Вот революционная интеллигенция, воспитанная в партии социалистов-революционеров. Ю. Давыдов в предисловии к книге Б. Савинкова «Воспоминания террориста» пишет: «Он блокировался с направлениями любого оттенка, лишь бы антибольшевистское. Даже и с монархистами, полагая, что наши бурбоны чему-то научились. Савинков готов был признать любую диктатуру (включая, разумеется, собственную), кроме большевистской… Он бросался за помощью к англичанам, французам, белочехам и белополякам. Он командовал отрядами карателей, бандами подонков, наймитами, шпионами. Пути-дорожки “савинковцев” чадили пожарищами, дергались в судорогах казненных» [688, c. 15].
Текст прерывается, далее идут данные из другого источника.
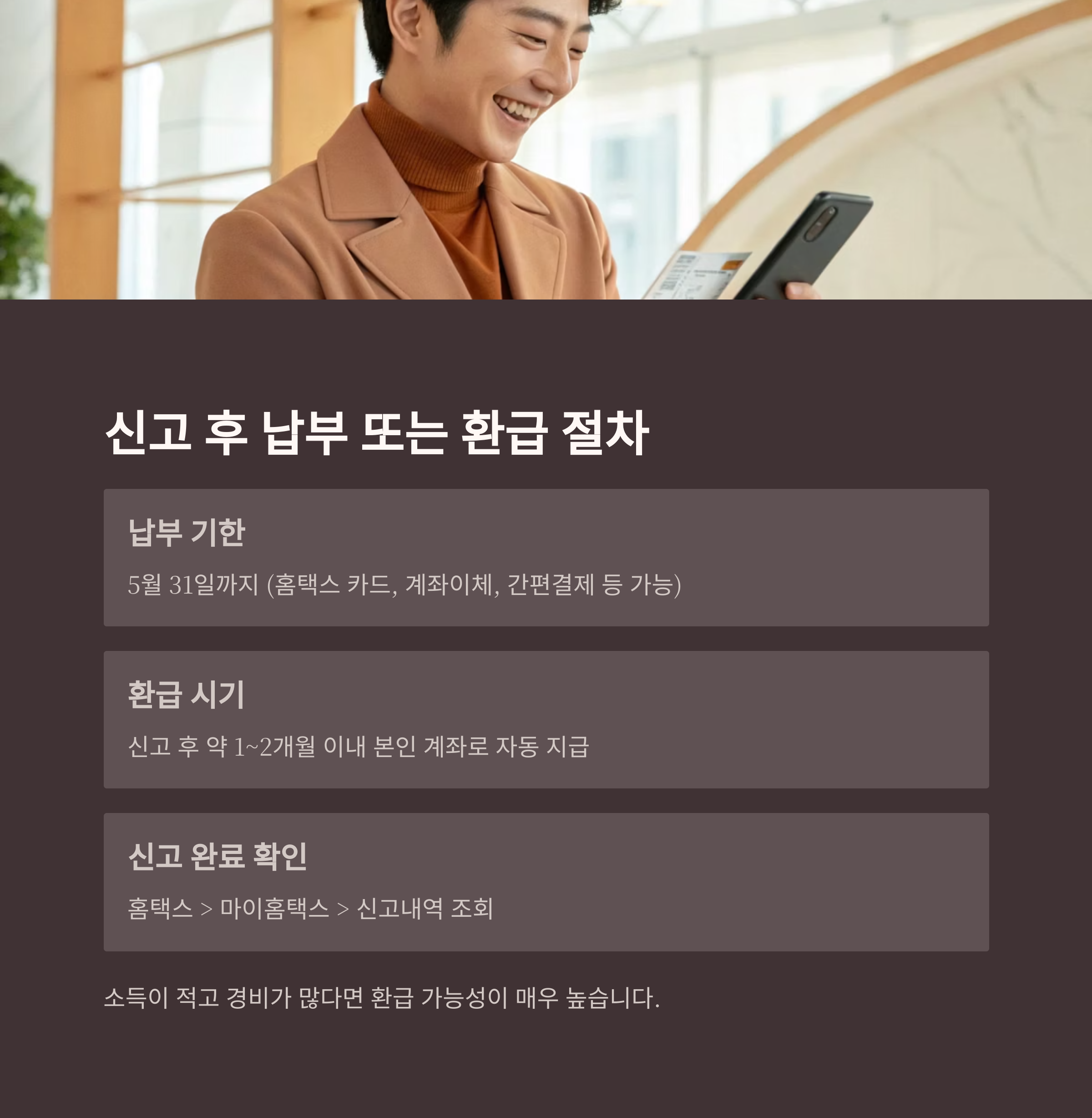 - 납부 기한: 5월 31일까지 (홈택스 카드, 계좌이체, 간편결제 등 가능)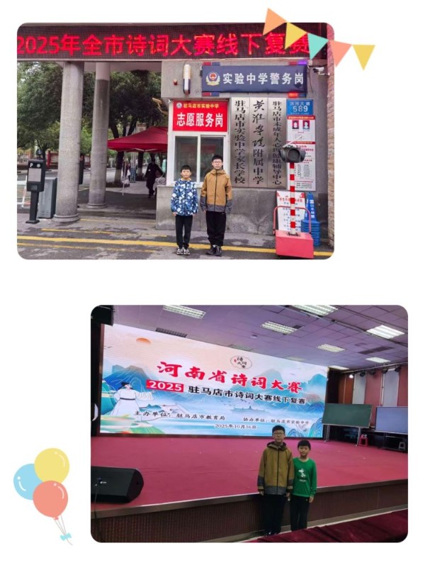 2025年10月19日,驻马店市实验中学迎来了全市诗词高手云集的线下复赛。面对激烈的竞争,王韵喆、潘俊宇两位同学沉着应对,以深厚的诗词底蕴分别获得晋级省赛的资格。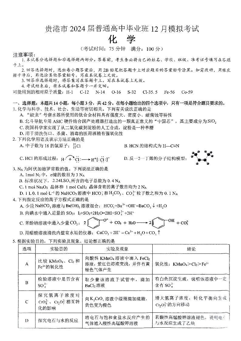 广西省贵港市2024届高三上学期12月模拟考试化学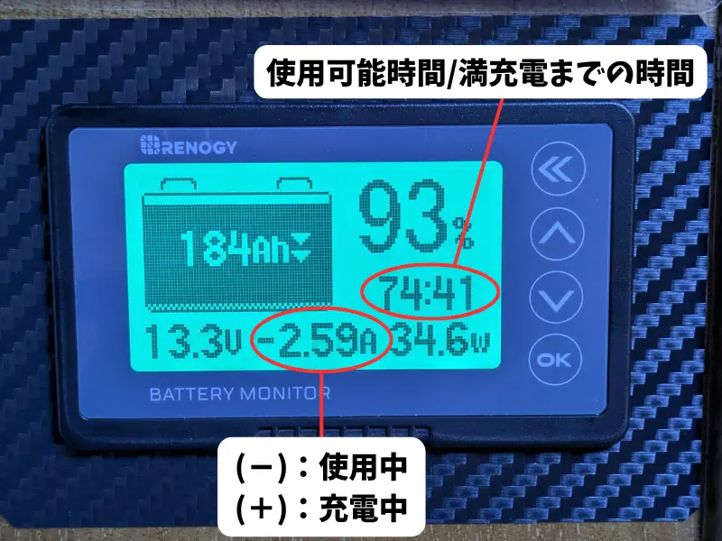 画面中央に残量の%表示があり、下段の数字が(マイナス)は電気を使用中・(プラス)の場合は充電中を表しています。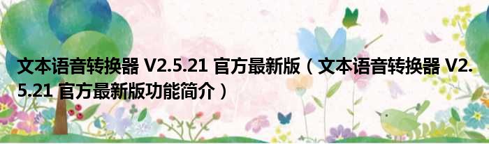 导读 大家好,关于文本语音转换器 V2 5 21 官方最新版,文本语音转换器 V2 5 21 官方最新版功能简介这个很多人还不知道,小勒来为大家解答以上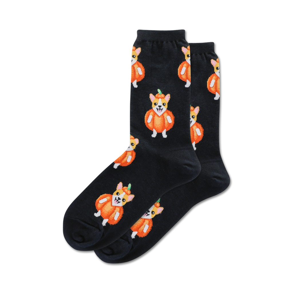 Prepare to get paw-some! Strut your stuff this Halloween in our Pumpkin Corgi socks, featuring a mischievous crew of cartoon corgis trick-or-treating in pumpkin costumes. These crew socks for women are a delightful mix of spooky and adorable. The black background makes the vibrant orange pumpkin costumes pop and adds a touch of festive flair to any outfit. So slip into a pair of these delightful corgi socks, grab your candy bucket, and get ready for a howling good time.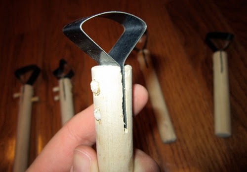 Have you ever wanted to fashion your own trimming tools for trimming your pots? There are many different things you can use to trim clay, but the loop tool design is one of my favorites. This post will show you how I made my own loop tools using some found steel strapping and some wood.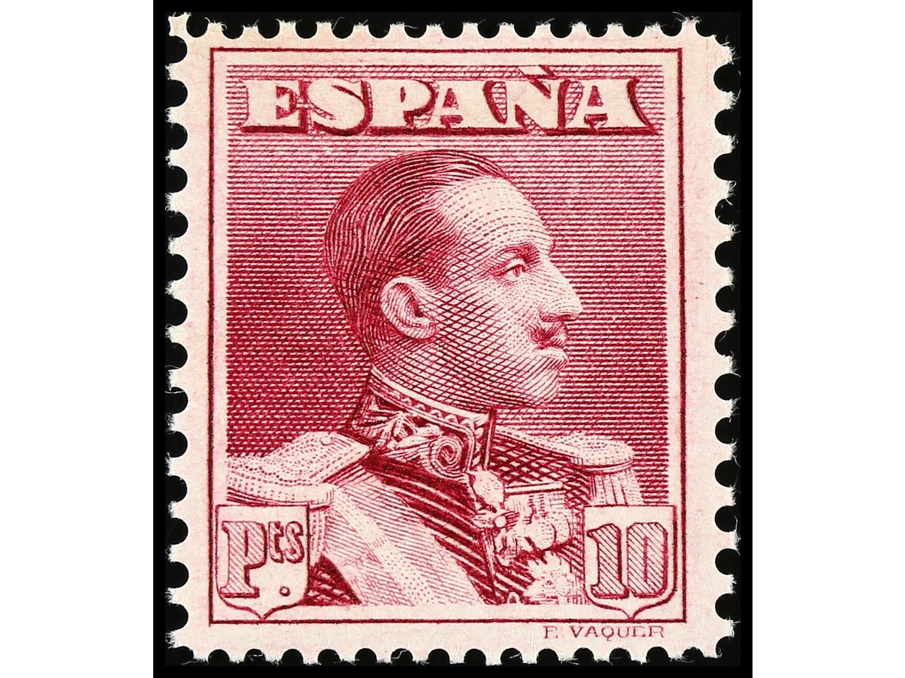ESPAÑA. 1 pta. gris SIN DENTAR MARGEN IZQUIERDO. MAGNÍFICO y RARO. Ed.321smi. Cat. 186€. (Image1)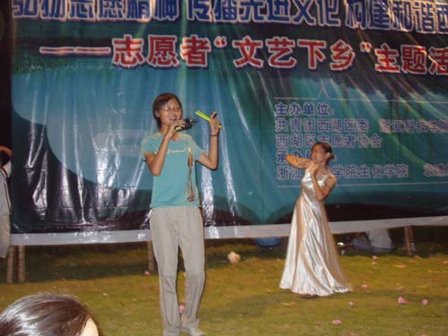 9月20日,结合保持共产党员先进性教育活动和加强团员意识教育活动,共青团西湖区委与共青团浙科院生化学院分团委联合主办“弘扬志愿精神 传播先进文化 构建和谐西湖”——志愿者文艺下乡大型文艺演出。本次活动得到了西湖区党委、区政府和袁浦镇镇委、镇政府的大力支持。西湖区团委书记高杨,副书记王志平,袁浦镇党委副书记、副镇长等观看了晚会。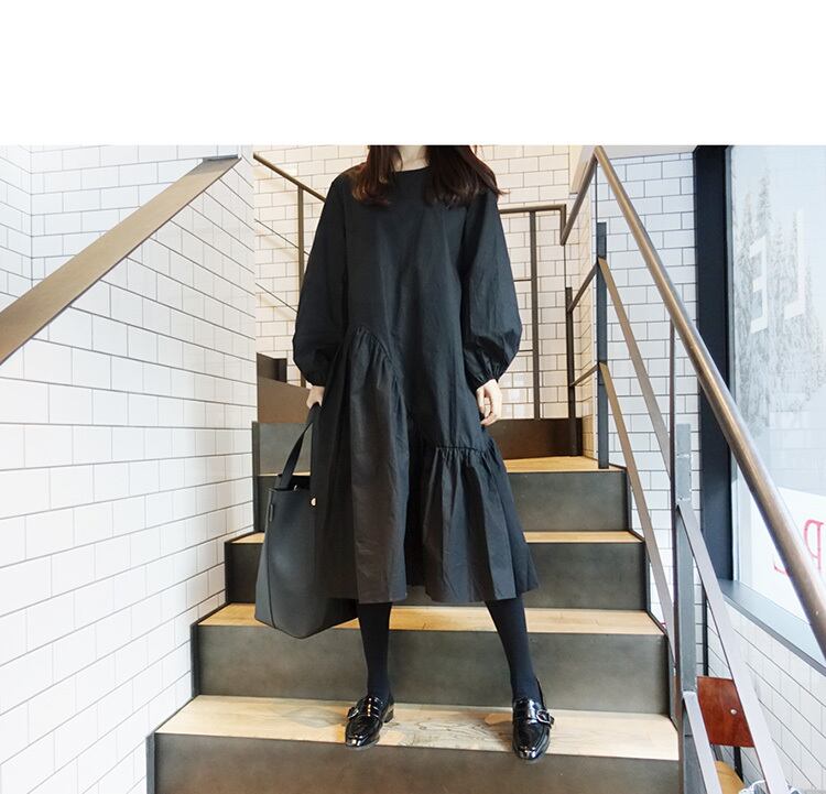 ワンピース フレアスカート チュールスカート フレアワンピース ミモレ 袖あり 長袖 ボリューム袖 パフスリーブ ラウンドネック フレア Aライン フリル 切り替えデザイン シンプル カジュアル 上品 おしゃれ かっこいい 大人女子 こなれ感 個性的 クール モダン 主役級 存在感 とろみ感 抜け感 無地 オールシーズン 10代 20代 30代 40代 ママ オフィス ビジネス OL 通勤 学生 通学 デート お出かけ 公園デビュー 女子会 お泊まり 休日 リゾート 旅行 ホテル レストラン 着回し

Б. Савинков – человек, университетски образованный, и к тому же писатель, ради чего он пролил море крови? Полный мрак…
Вот Первая конная армия (Исаак Бабель «Конармия»): «Я умылся с дороги и вышел на улицу. На столбах висели объявления о том, что военкомдив Виноградов прочтет вечером доклад о Втором конгрессе Коминтерна. Прямо перед моими окнами несколько казаков расстреливали за шпионаж старого еврея с серебряной бородой. Старик взвизгивал и вырывался. Тогда Кудря из пулеметной команды взял его голову и спрятал ее у себя под мышкой. Еврей затих и расставил ноги. Кудря правой рукой вытащил кинжал и осторожно зарезал старика, не забрызгавшись. Потом он стукнул в закрытую раму».
Сейчас все это вытащили к людям.
Кровавую вакханалию, культ жестокости воспевали Багрицкий и Бабель. За рубежом Р. Якобсон и В. Шкловский в модных ресторанах «тешатся байками» сотрудника ГПУ Осипа Брика о том, как пытают и расстреливают русских священников («Для нас тогда чекисты были – святые люди», – вспоминает Лиля Брик в 60-е годы).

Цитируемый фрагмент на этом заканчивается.